**Problem statement:** Return the full listing unchanged, apart from leaving out its images.

**Provided material:**
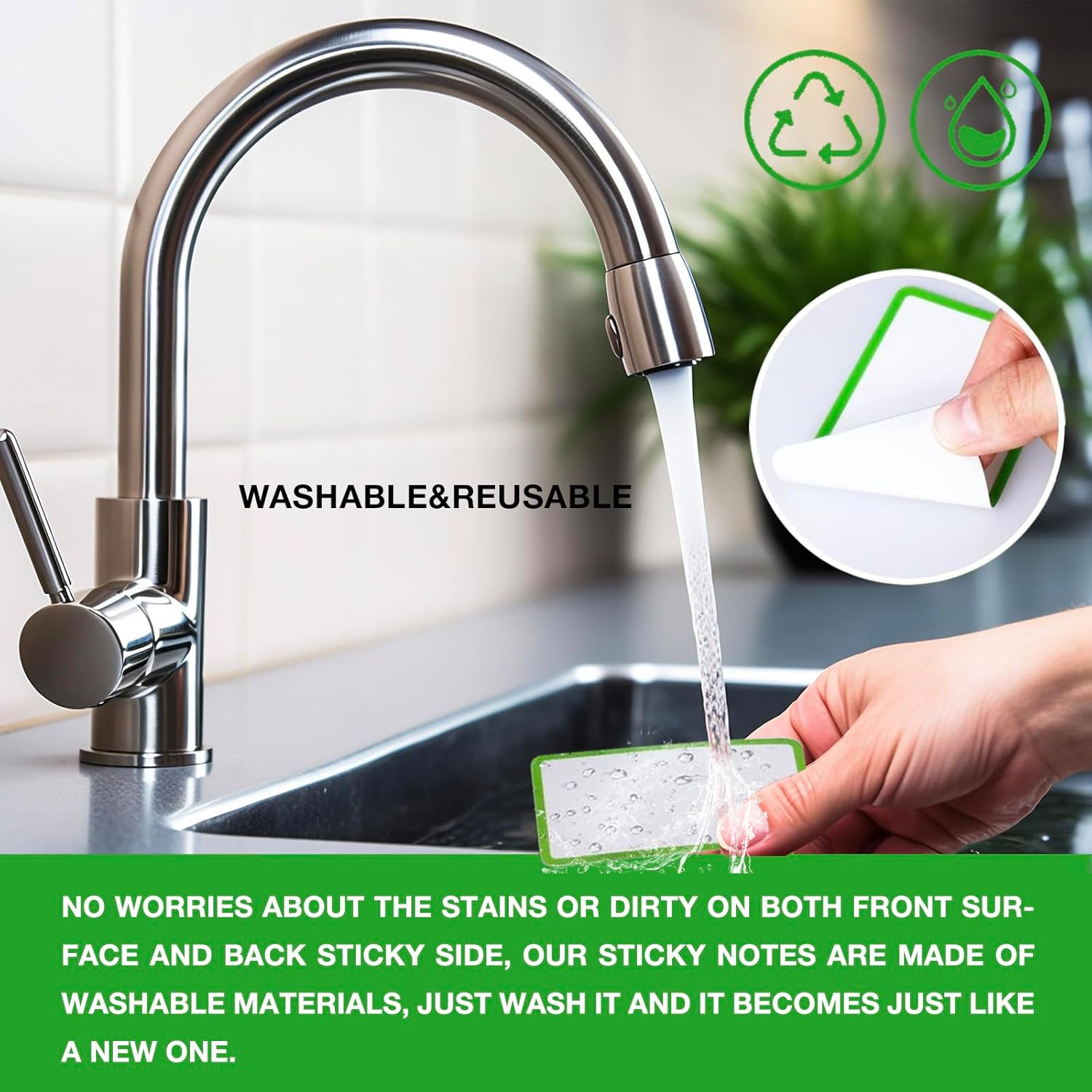 - 💖Reusable Dry Erase Labels: dry erase sticky labels are made of Freon-free Nano Material and dry erase film, smooth writing and wipe off easily, no wear in use and easy to clean, no glue, no magnetic but can stick well, heat resistant, microwave safe, just WASH to Renew if get dirt or stickless, really reuse again and again
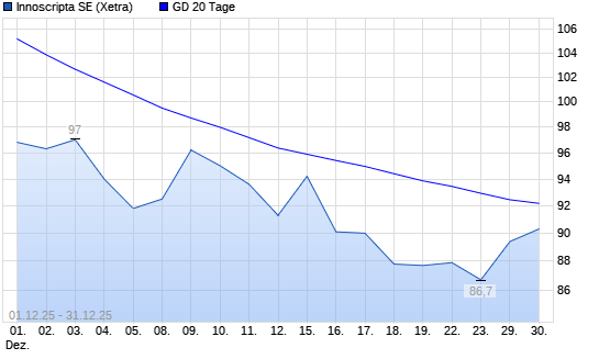 Mit dem Anstieg auf 91,50 EUR hat die Innoscripta-Aktie am 30.12.2025 die 20-Tage-Linie nach oben gekreuzt.
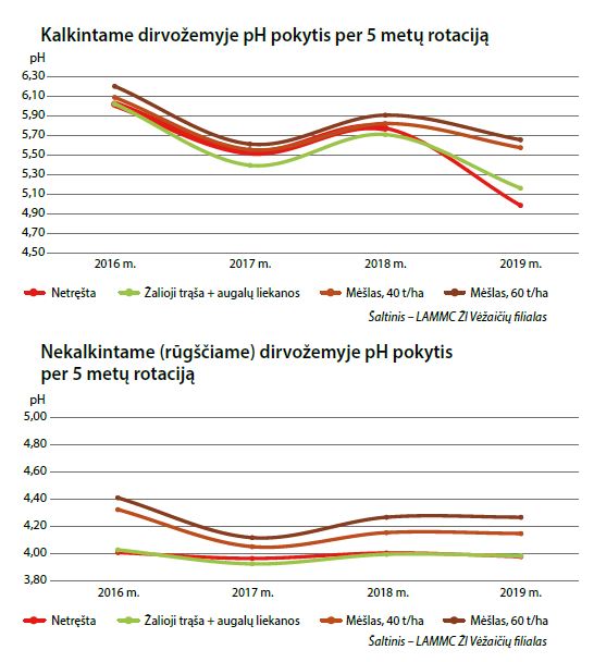 Atlikus tyrimus 2016 m. nustatyta, kad netręštame I var. dirvožemio pHKCl buvo 6,0; tręštame žaliąja trąša / augalų liekanomis (II var.) – pHKCl 6,0; tręštame mėšlu 40 t ha-1 (III var. ) – pHKCl 6,1; tręštame mėšlu 60 t ha-1 (IV var.) – pHKCl 6,2.

**Result:**
 - 💖Reusable Dry Erase Labels: dry erase sticky labels are made of Freon-free Nano Material and dry erase film, smooth writing and wipe off easily, no wear in use and easy to clean, no glue, no magnetic but can stick well, heat resistant, microwave safe, just WASH to Renew if get dirt or stickless, really reuse again and again
 Mit dem Anstieg auf 91,50 EUR hat die Innoscripta-Aktie am 30.12.2025 die 20-Tage-Linie nach oben gekreuzt.
 Atlikus tyrimus 2016 m. nustatyta, kad netręštame I var. dirvožemio pHKCl buvo 6,0; tręštame žaliąja trąša / augalų liekanomis (II var.) – pHKCl 6,0; tręštame mėšlu 40 t ha-1 (III var. ) – pHKCl 6,1; tręštame mėšlu 60 t ha-1 (IV var.) – pHKCl 6,2.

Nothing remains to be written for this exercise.